======== Task data ========
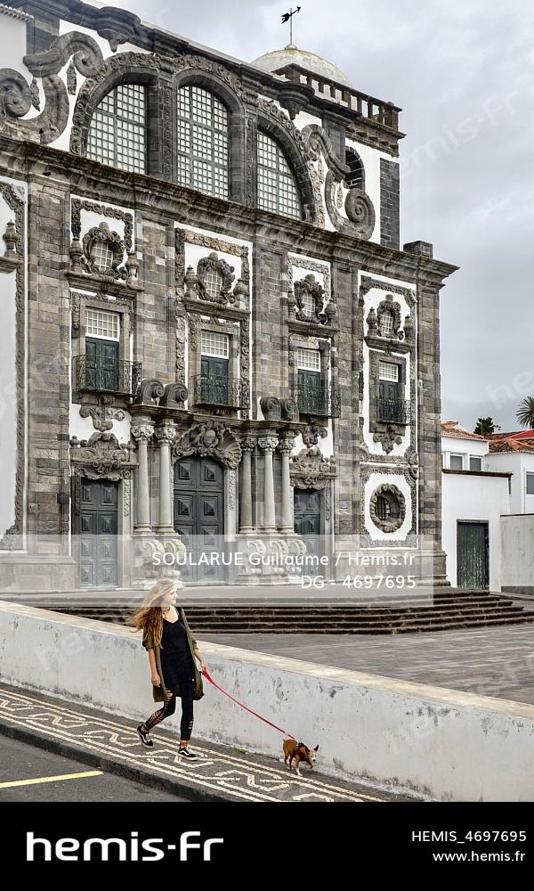 Portugal, archipel des Açores, ile de Sao Miguel, Ponta Delgada, musée d'art sacré Carlos Machado à la façade baroque en pierre basaltique
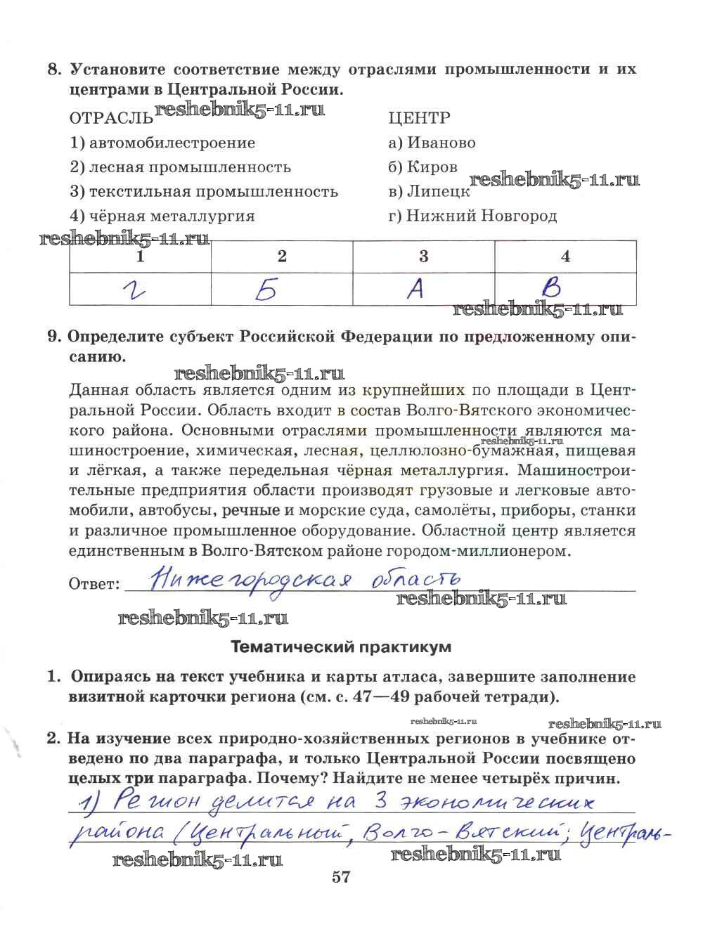 Готовая домашняя работа с ответами по Географии за 9 класс Домогацких Рабочая тетрадь Инновационная школа Русское слово 2018 ФГОС - Часть 2. Страницы 57
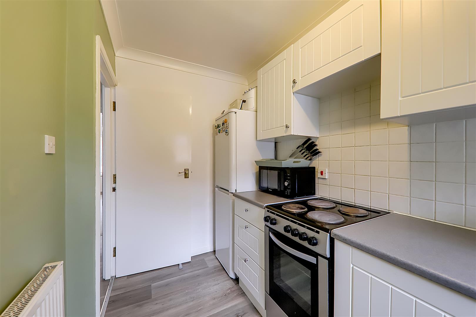 Vinyl flooring, security telephone entry system, wall mounted electric fuseboard, skimmed ceiling.
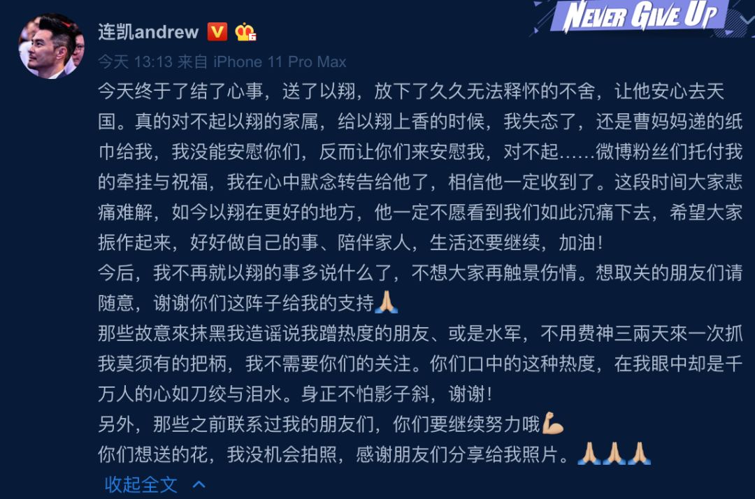 作为王沥川的哥哥王霁川,连凯也在微博发布了长文,来对自己的弟弟做最后的告别,这段时间他顶住压力一直在为高以翔发声,获得了不少粉丝的认可,但也有很多人质疑他是蹭热度。
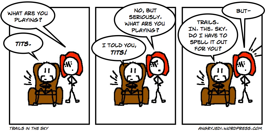 My current gaming "jam", as I believe the kids are saying nowadays, is Legend of Heroes: Trails in the Sky, just Trails in the Sky or its immensely entertaining acronym TitS for short. It's a Vita-compatible PSP game from Falcom, published by Xseed in the States and Ghostlight in the UK, and it was originally available for Windows PCs in Japan, though in the West I believe we've only seen the PSP release.
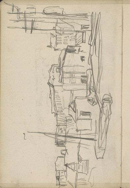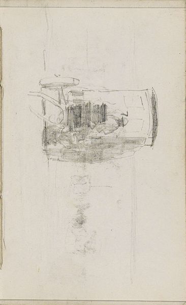 This sketch of the Overtoom in Amsterdam was drawn by George Hendrik Breitner. The drawing presents a skeletal structure of lines, capturing a fleeting moment of the urban landscape. It invites us to consider how Breitner uses minimal strokes to convey a sense of place and atmosphere. The composition teeters on the edge of abstraction. The buildings and boats are reduced to their most basic forms. This aligns with the broader artistic movements questioning traditional representation. Breitner emphasizes the act of seeing over the act of depicting. The sketch can be appreciated for its structural simplicity and honesty. The rough texture of the paper supports the lines, creating a sense of immediacy and rawness. It suggests a scene captured spontaneously. This piece challenges conventional notions of what constitutes a finished work of art. The drawing celebrates the potential of suggestion over explicit detail. It transforms the ordinary into an opportunity for contemplation.
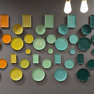 Naczynia zdobi cienka złocistobrązowa obwódka
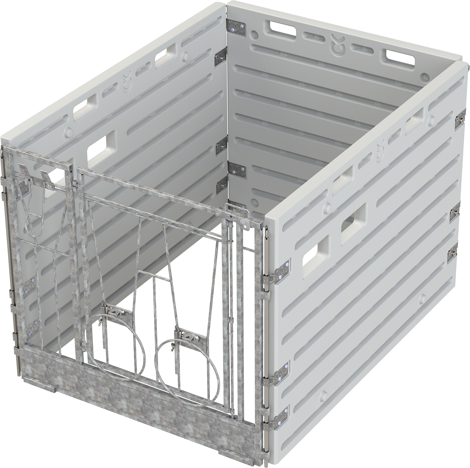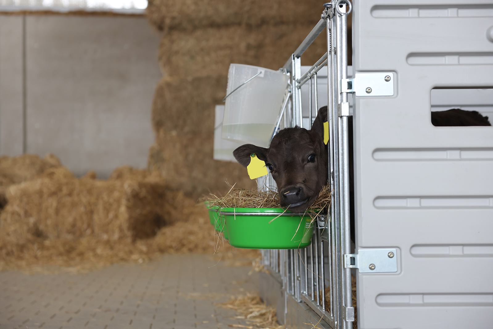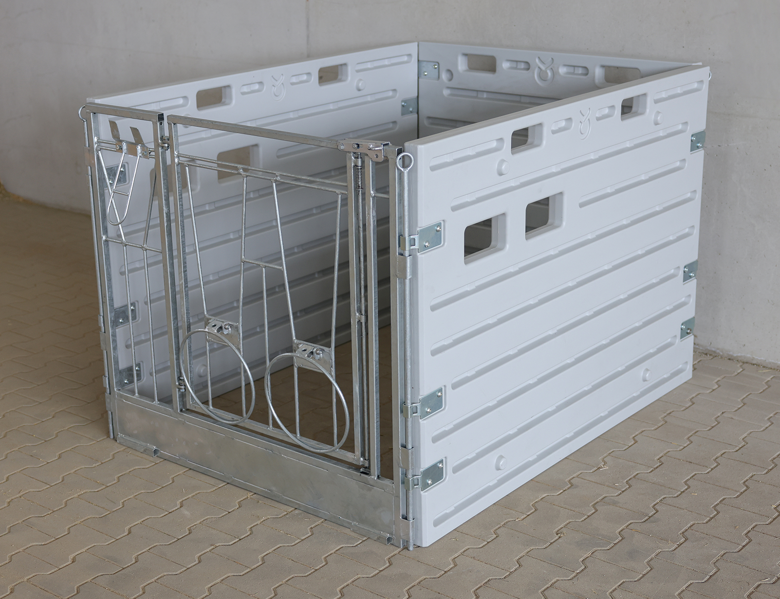 Modulare Kälberbucht (Einzelbucht, freistehend). Flexibles Stapelsystem aus robustem Kunststoff. Leicht zu reinigen, inklusive Frontelement mit durchschwenkbarer Tür und Eimerhalterungen. Platz: ca. 1,8 m².
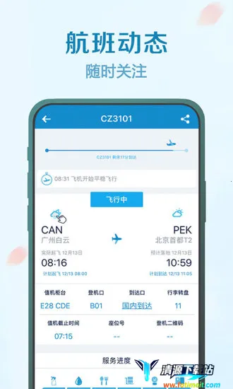 3. 贴心服务:提供里程查询、客票验真、航班动态、免票兑换、出行向导等贴心服务,还有行李查询、航延证明、中转住宿等特色服务。
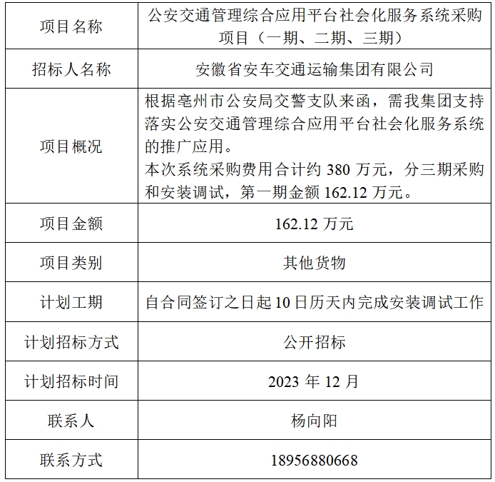 為便于潛在投標(biāo)人及時(shí)了解招標(biāo)信息,現(xiàn)將安徽省安車交通運(yùn)輸集團(tuán)有限公司(招標(biāo)人名稱)的招標(biāo)計(jì)劃發(fā)布如下:
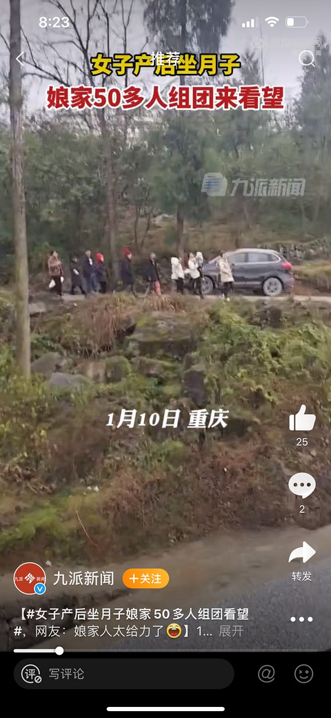 【#女子产后坐月子娘家50多人组团看望#,网友:娘家人太给力了[哈哈]】1月10日,重庆。女子产后坐月子,娘家人一起来了50多人看望她。网友:娘家人太给力了。
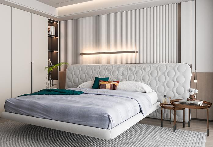 Moderní bílá čalouněná postel v minimalistickém kulatém designu
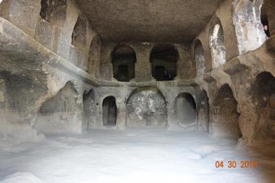 ヒッタイト人から逃れた?とされる人々が住んでいたらしい洞窟の中の住居。最盛期は2万人の人々が生活していたという迷宮です。照明がつけられているので探索は容易ですが、光が差し込まない奥まで通路が広がり、こんな発狂しそうな場所でよく生活で来たなあ、と感動します。
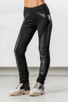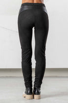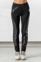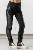 These black leggings impress with their fashionable cut and high-quality leather details, ensuring a sophisticated look and lasting quality. Ideal for style-conscious outfits, they combine comfort with an elegant finish.
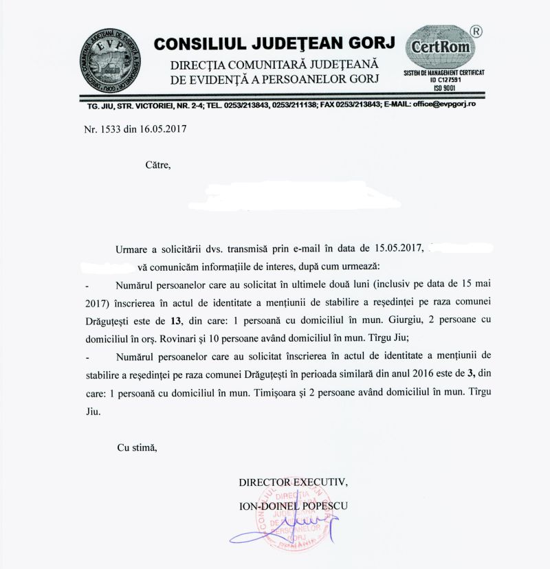 Cele spuse de Moșoiu se confirmă dacă ne gândim că Direcția Comunitară de Evidență a Persoanelor Gorj a confirmat luni, pentru Gorjeanul, că 13 persoane au cerut, în ultimul timp, viză de reședință în comuna Drăguțești. Comparativ cu aceeași perioadă a anului trecut, pentru Drăguțești au cerut viză doar trei persoane.
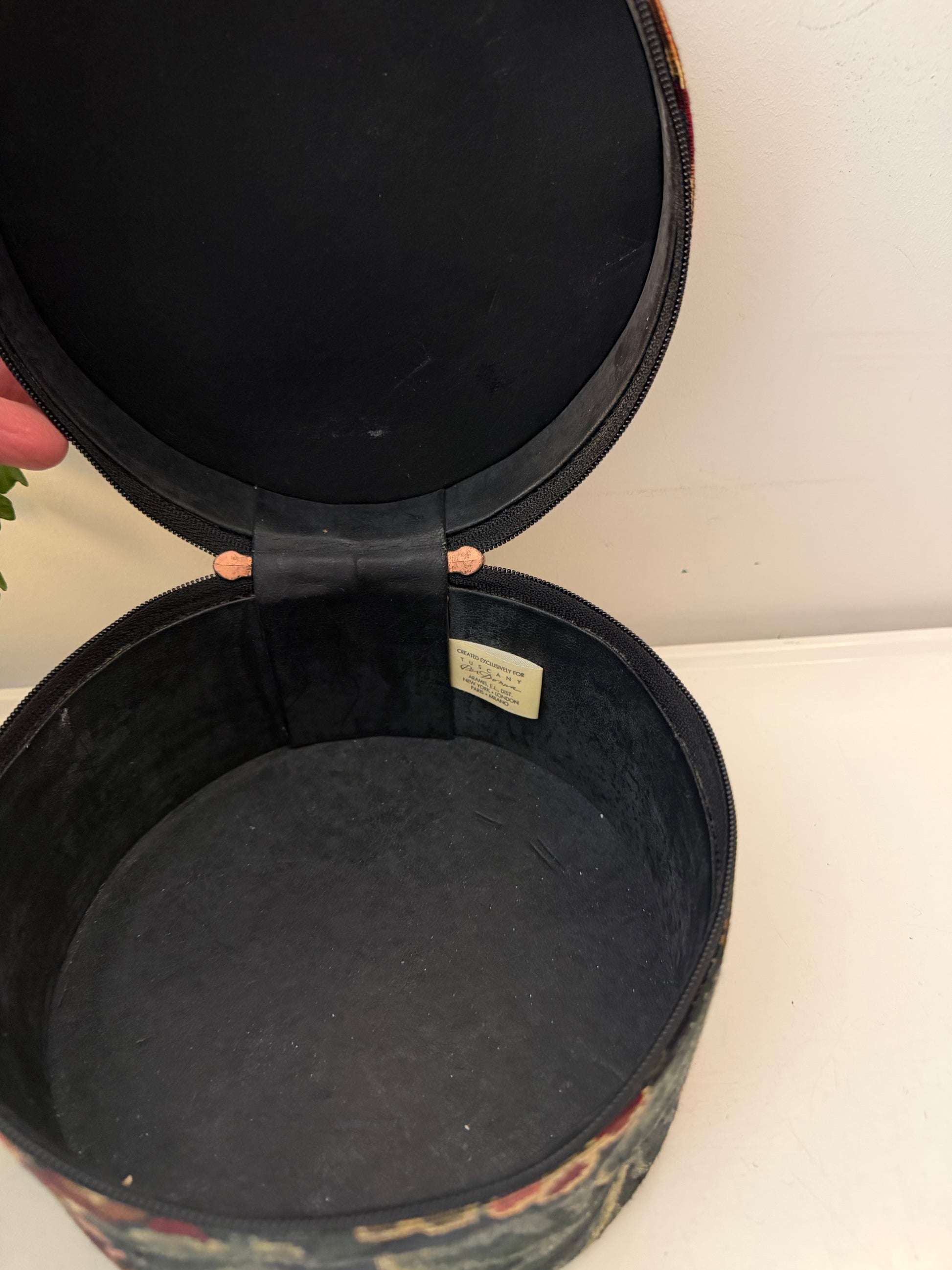 Dit is echt zo’n heerlijke sieradendoos. Rond model met een supermooie gobelin-achtige stof in donkerblauw/groen met warme bloemenkleuren. En de rits heeft twee stervormige hangers 😍 Binnenkant is zwart gevoerd. Q876
========
**What you need to do**
First drop every picture, then print the data above exactly as it stands.

**Answer space**
 Portugal, archipel des Açores, ile de Sao Miguel, Ponta Delgada, musée d'art sacré Carlos Machado à la façade baroque en pierre basaltique
 Готовая домашняя работа с ответами по Географии за 9 класс Домогацких Рабочая тетрадь Инновационная школа Русское слово 2018 ФГОС - Часть 2. Страницы 57
 Vinyl flooring, security telephone entry system, wall mounted electric fuseboard, skimmed ceiling.
 作为王沥川的哥哥王霁川,连凯也在微博发布了长文,来对自己的弟弟做最后的告别,这段时间他顶住压力一直在为高以翔发声,获得了不少粉丝的认可,但也有很多人质疑他是蹭热度。
 My current gaming "jam", as I believe the kids are saying nowadays, is Legend of Heroes: Trails in the Sky, just Trails in the Sky or its immensely entertaining acronym TitS for short. It's a Vita-compatible PSP game from Falcom, published by Xseed in the States and Ghostlight in the UK, and it was originally available for Windows PCs in Japan, though in the West I believe we've only seen the PSP release.
 This sketch of the Overtoom in Amsterdam was drawn by George Hendrik Breitner. The drawing presents a skeletal structure of lines, capturing a fleeting moment of the urban landscape. It invites us to consider how Breitner uses minimal strokes to convey a sense of place and atmosphere. The composition teeters on the edge of abstraction. The buildings and boats are reduced to their most basic forms. This aligns with the broader artistic movements questioning traditional representation. Breitner emphasizes the act of seeing over the act of depicting. The sketch can be appreciated for its structural simplicity and honesty. The rough texture of the paper supports the lines, creating a sense of immediacy and rawness. It suggests a scene captured spontaneously. This piece challenges conventional notions of what constitutes a finished work of art. The drawing celebrates the potential of suggestion over explicit detail. It transforms the ordinary into an opportunity for contemplation.
 Naczynia zdobi cienka złocistobrązowa obwódka
 Modulare Kälberbucht (Einzelbucht, freistehend). Flexibles Stapelsystem aus robustem Kunststoff. Leicht zu reinigen, inklusive Frontelement mit durchschwenkbarer Tür und Eimerhalterungen. Platz: ca. 1,8 m².
 3. 贴心服务:提供里程查询、客票验真、航班动态、免票兑换、出行向导等贴心服务,还有行李查询、航延证明、中转住宿等特色服务。
 為便于潛在投標(biāo)人及時(shí)了解招標(biāo)信息,現(xiàn)將安徽省安車交通運(yùn)輸集團(tuán)有限公司(招標(biāo)人名稱)的招標(biāo)計(jì)劃發(fā)布如下:
 【#女子产后坐月子娘家50多人组团看望#,网友:娘家人太给力了[哈哈]】1月10日,重庆。女子产后坐月子,娘家人一起来了50多人看望她。网友:娘家人太给力了。
 Moderní bílá čalouněná postel v minimalistickém kulatém designu
 ヒッタイト人から逃れた?とされる人々が住んでいたらしい洞窟の中の住居。最盛期は2万人の人々が生活していたという迷宮です。照明がつけられているので探索は容易ですが、光が差し込まない奥まで通路が広がり、こんな発狂しそうな場所でよく生活で来たなあ、と感動します。
 These black leggings impress with their fashionable cut and high-quality leather details, ensuring a sophisticated look and lasting quality. Ideal for style-conscious outfits, they combine comfort with an elegant finish.
 Cele spuse de Moșoiu se confirmă dacă ne gândim că Direcția Comunitară de Evidență a Persoanelor Gorj a confirmat luni, pentru Gorjeanul, că 13 persoane au cerut, în ultimul timp, viză de reședință în comuna Drăguțești. Comparativ cu aceeași perioadă a anului trecut, pentru Drăguțești au cerut viză doar trei persoane.
 Dit is echt zo’n heerlijke sieradendoos. Rond model met een supermooie gobelin-achtige stof in donkerblauw/groen met warme bloemenkleuren. En de rits heeft twee stervormige hangers 😍 Binnenkant is zwart gevoerd. Q876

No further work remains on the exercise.